With the United States producing the most oil of any country in the world, where does the oil come from within our borders? Well, according to Investopedia: “As of 2015, 90% of U.S. oil production, excluding federal offshore drilling, comes from eight states: Texas, North Dakota, California, Alaska, New Mexico, Oklahoma, Colorado, and Wyoming.” Much of the increase in output is due to fracking technology. With fracking, drillers can reach huge deposits that were not accessible before. This increase in production also attracts companies back to the United States to spend money here.
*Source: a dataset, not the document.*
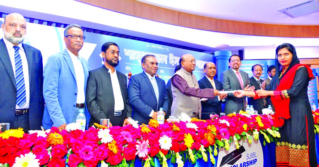 Shahjalal Islami Bank Limited awarded scholarship among the brilliant and poor students of the country. Commerce Minister Tofail Ahmed, MP, handing over a scholarship Cheque among the students at Officers Club in the city on Saturday. Engr. Md Towhidur Ra

Image Credit: U.S. Energy Information Administration

As you can see from the image above, much of the oil production comes from one area, with the vast majority from Texas and the Gulf of Mexico. Texas has 27 refineries, the most of any state. Increased fracking in the Eagle Ford Shale and Permian Basin have increased oil production dramatically in recent years. If Texas were its own country, it would be the sixth-largest oil producing country in the world.

North Dakota sits on the Bakken Shale formation and the Williston Basin, two of the largest oil reserves on Earth. These reserves extend into South Dakota, Montana, and even Canada. North Dakota and Texas together provide half of the oil from the United States.

California, Alaska, New Mexico, Oklahoma, Colorado, and Wyoming provide the remainder of the oil production from the United States. A combination of new wells and better drilling technology has increased output in most of these states. Oklahoma is home to the city of Cushing, the world’s largest storage facility for oil reserves. The price of oil, called West Texas Intermediate, is also determined there.